To evaluate my hypothesis that females have worse treatment effectiveness compared to males in patients with axial spondyloarthritis, I wish to investigate reasons for discontinuation in addition to treatment retention rates.
First, I used Kaplan-Meier plots to investigate treatment survival and stratified by sex. This resulted in a highly significant and clinically relevant result.
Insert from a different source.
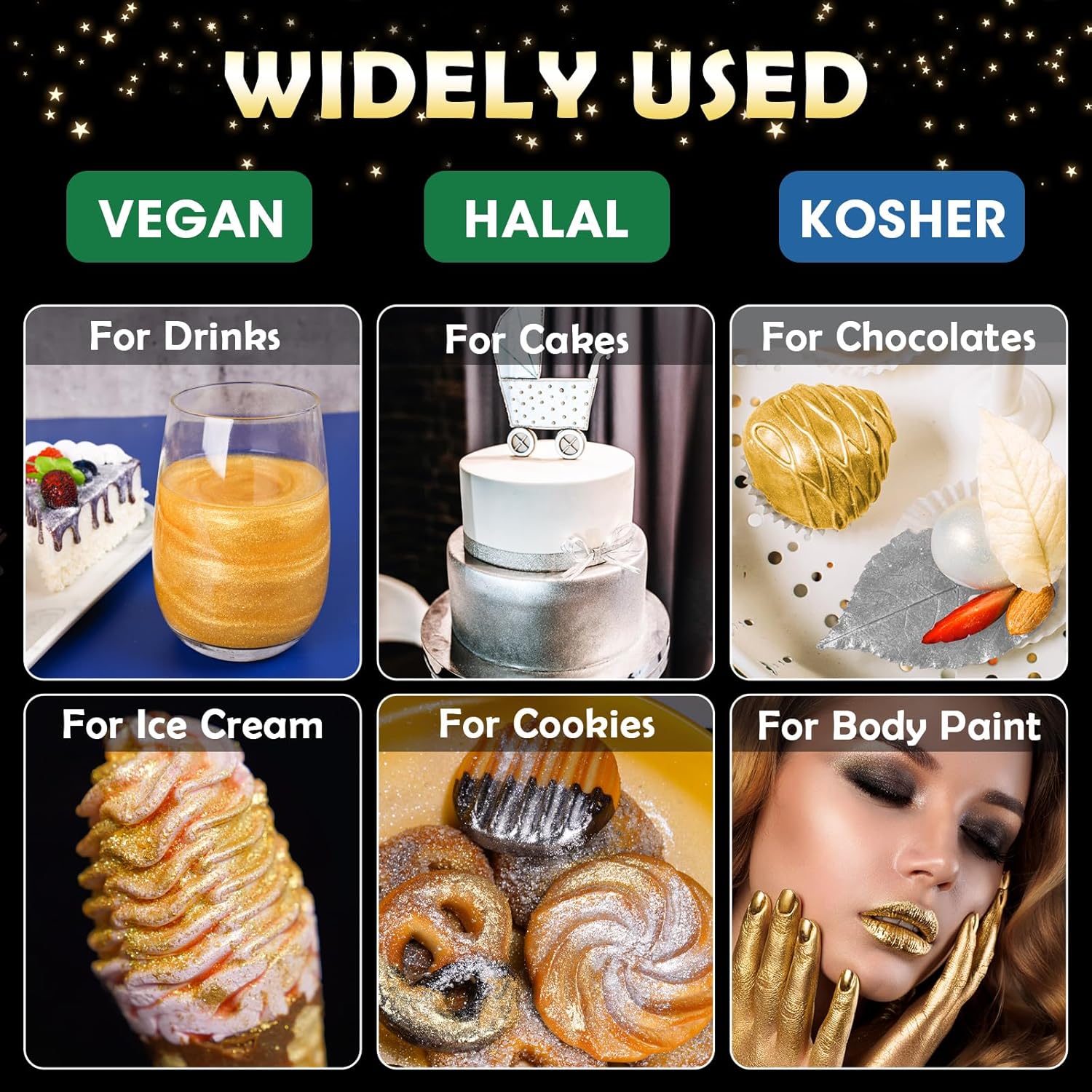 - ✔️【Vegan & Allergen-Free】Food-grade glitter uses only the highest quality vegan ingredients and does not contain common food allergens, including gluten, nuts or dairy products, so everyone can use and enjoy this product regardless of diet or food allergies. Unlike food contact glitter, these are 100% edible, so you don't need to worry about using them in your creations to make them sparkle for all.

Second, I quantified this risk through univariable and multivariable Cox proportional-hazards model and assessed females' HR risk for discontinuation of treatment.
Now I wish to investigate my following outcome: reasons for discontinuation of treatment, classified as lack of efficacy (LE), adverse events (AE), other, and remission (RE).
Approach 1: Recode reasons for discontinuation into a new variable, with LE as 1 rest as 0. Similarly, recode a new variable with AE as 1 and the rest as 0. Use logistic regression (2x) to evaluate the probability of having AE/LE, compare between sexes, and calculate relative risk and risk difference.
Approach 2: Use the Cox proportional-hazards model with the same variable "time" as in the first analysis, but now recode "event AE" as 1 and censor observations as 0 if it is other than AE. Similarly, the same for LE. Then calculate females' risk for adverse events and lack of efficacy (i.e., HR) compared to males.
Which approach is more sensible? Is another approach better?